Pensou em negar, estava decidida até chegar na sala e ver a lista de alunos inscritos. A garota de cabelos encaracolados ia participar e ela não? Isso não poderia ficar assim, era humilhação. Decidiu participar. O lápis era arma na mão e foi assim até o final.
No primeiro dia de prova, estava toda de preto, com uma faixa na cabeça, estilo Rambo. Ninguém entendeu nada, mas Helena sabia que era dia de luta e tinha que usar todos os artefatos para conseguir o objetivo: vencer.
Seu olhar intimidava. Nenhum aluno ousava lhe encarar, ela estava pronta para a disputa. A prova começou.
Sentiu dificuldade, o logaritmo a fazia suar. Sofreu durante as 4 horas de luta, quase foi nocauteada, mas resolveu tudo, não sobrou uma linha sem ser resolvida.
Segundo dia, faixa preta na cabeça, óculos escuros e lápis na mão. Resolveu tudo, mas uma questão quase a fez rasgar o papel da prova. O local estava tão sensível que ou fazia certo ou não teria outra chance. Errou. Uma fenda já começava a abrir, desistiu.
Chorou feito criança, ninguém nunca tinha visto Helena assim. Derrotada. A faixa caiu da cabeça. Havia perdido a luta. Voltou para casa com a mesma tristeza, nada a fazia mudar, nem mesmo o tempo que passou no ônibus vislumbrando a imagem poética da cidade onde morava.
Ainda segurava o lápis. Lembrou da questão e tentou resolver novamente. Passou a tarde toda com o rosto grudado no papel, não queria água nem comida, só matemática. Tentou todas as possibilidades possíveis e nada de conseguir. Pesquisou na internet algo semelhante. Não achou nada. Chegou a um ponto que não conseguia mais pensar. Desistiu, novamente desistiu.

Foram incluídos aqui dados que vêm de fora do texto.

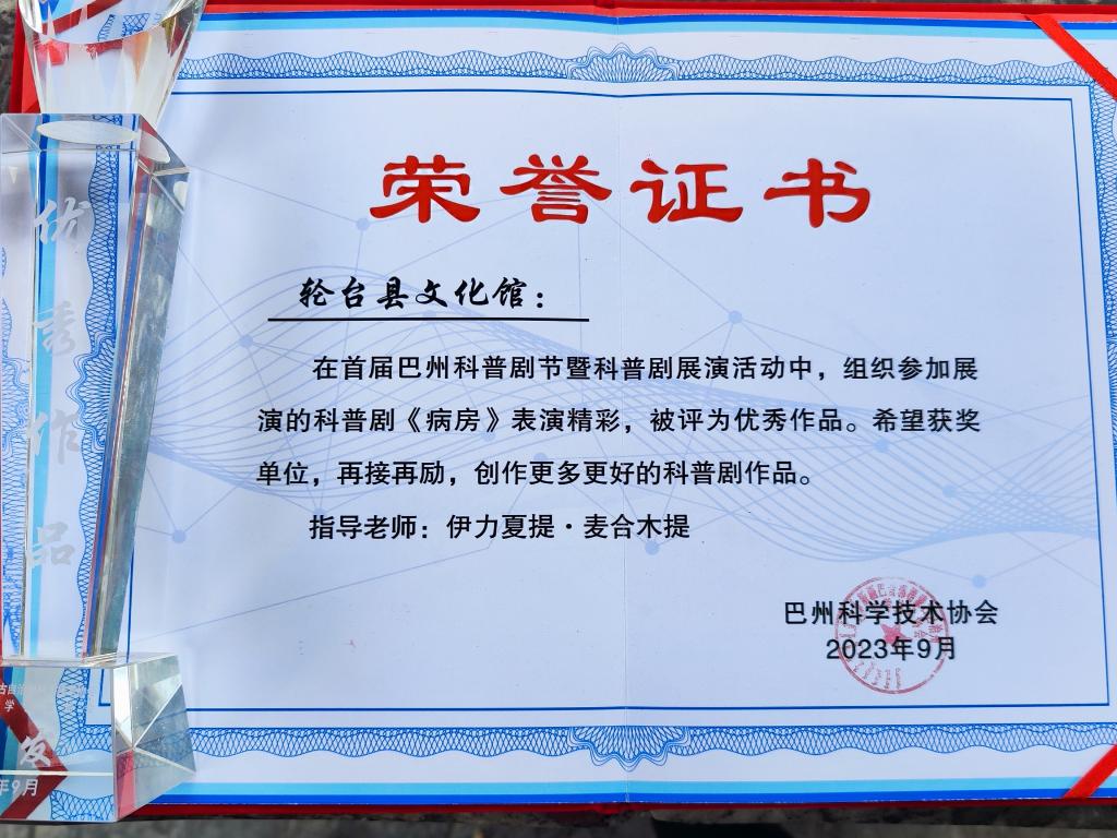 近日,巴州科學(xué)技術(shù)協(xié)會(huì)公布“首屆巴州科普劇節(jié)暨科普劇展演活動(dòng)”獲獎(jiǎng)單位,輪臺(tái)縣文化館創(chuàng)作的科普劇《病房》經(jīng)專家評(píng)審和復(fù)核,入圍大眾類科普作品現(xiàn)場(chǎng)決賽,評(píng)為優(yōu)秀作品,并代表全州八縣一市獲獎(jiǎng)單位,在“首屆巴州科普劇節(jié)暨科普劇展演活動(dòng)”頒獎(jiǎng)典禮上表態(tài)發(fā)言。

Foram tantas desistências em um só dia que não suportou. Pegou o lápis e perfurou cada dedinho como forma de punição. Doeu muito, mas se sentiu melhor. Tinha que ser castigada, era cristã e o catolicismo pregava punições aos pecadores, ela tinha que sofrer. Sofreu. Sofreu bastante.

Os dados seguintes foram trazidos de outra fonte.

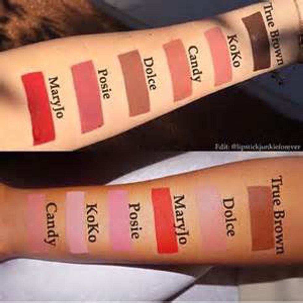 If you're into the original matte liquid lipsticks, there's: "Exposed" (neutral tan), "True Brown K" (dark brown) "Kourt K"(deep purple), "Candy K" (nude beige), "Dolce K" (dark nude), "KoKo K" (rose neutral), "Mary Jo K" (daed) and "22" (brighter orange-red). For those who love gloss: "Like" (brown nude), "Literally" (tanned neutral) and "So Cute" (peach nude) - and they're all about half the price of the originals at only $15. Her latest launch were for metals (metallic lipsticks at $18 each) which included: "King K" (bronze glitter), "Heir" (peachy-pink glitter), and "Reign" (terracotta/burgundy glitter).

No dia seguinte, acordou disposta, feliz, com um sentimento estranho. Lembrou da questão, foi direto ao papel, não conseguiu. Entrou no site das olimpíadas e viu uma nota sobre o segundo dia de prova. Não acreditou. A questão tinha sido anulada, havia um erro e não era seu.
Olhou para as próprias mãos cheias de pontinhos. Sorriu. Sorriu desesperadamente, queria se perfurar até não agüentar, tinha fechado a prova. O primeiro lugar era seu.Foi correndo ao colégio ver o mural de resultados. Não acreditou. Empate. Ela e a menina de cabelos encaracolados.
Seu olhar era raiva, puro ódio. Todos sabiam da rivalidade no colégio. Não era possível que duas inimigas ficassem em primeiro lugar, não queria dividir a vitória, ou era sua ou não era, não podia ser de duas.
Pegou a folha do mural e rasgou. Fez picadinho do resultado e lembrou novamente da questão. Pegou o caderno, sentou-se. Calculou, calculou. Achou o resultado. Não estava errado, o pódio era seu.
Levou o papel até a professora que achou engraçados os rabiscos e não entendeu a preocupação da garota, afinal tinha se saído bem. Deu dois tapinhas em suas costas e saiu apressada para resolver outro assunto qualquer.
Helena de ódio nem sei o que sentia mais. Estava insatisfeita, matemática era obsessão. Vencer era desejo, objetivo, solução.
Encontrou a menina de cabelos encaracolados, brigou até não poder mais. Novamente foi encaminhada a direção, resultado: expulsa do colégio.
Ficou feliz, afinal não eram mais duas. Era única, como a história dos corpos que não ocupam o mesmo lugar. Saiu de cabeça erguida, sabia que era melhor. Conquistou aquilo que desejava, a libertação dos números. Adeus, matemática nunca mais.